Everything is still unfamiliar over there! You have trees, and they even change colors when it's autumn. Our roads look like http://farm1.static.flickr.com/135/369592297_2244e79f04.jpg , so yes, looking out the window on the drive to/from the airport and not being able to see past the shoulder because of a forest (as opposed to a cut-out cliff wall) is still like being on another planet. Come to Albuquerque someday, you'll see.
My exercise wasn't something I actually had anyone do in real time so much as a "this is a good thing to try, you should do it sometime" lecture, and it was lifted directly from The Complete Guide to Writing Fantasy (Volume One) edited and compiled by Darin Park and Tom Dullemond, with about a zillion contributing authors but the one who did this particular section was Lea Docken. (I had to double-check all that because I'm probably going to use this again, and it would be dishonest if I couldn't properly source it.) It's just making a ridiculously elaborate character sheet filled with everything, including things you don't expect to come up for absolutely everyone in the story (circumstances of birth, like was it at home or a hospital or what, what was their education like, what sorts of things make them angry, how do they handle anger, what sorts of things frighten them, how do they handle fear, etc.) and then filling it out for everyone. If there are holes and you don't have a good answer for everything, then make something up, but just fill it out completely and don't cheat, because you'll be surprised at how that can end up being the seed of something useful.

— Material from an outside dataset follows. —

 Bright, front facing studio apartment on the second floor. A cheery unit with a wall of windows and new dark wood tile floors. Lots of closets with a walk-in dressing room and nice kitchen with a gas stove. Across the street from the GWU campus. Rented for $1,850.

I gave the example of how Celine's tail started as nothing more than a half-assed quick answer because I needed to put something there ("Does Celine have any nervous gestures or tics or behaviors along those lines? Oh, hell, I don't, know, um, I guess ... she poofs out her tail like Hobbes when she gets scared! There, sure, why not.") and then ended up being something I actually used in the novel, a little quirk of the character that added some personality and helped bring her to life.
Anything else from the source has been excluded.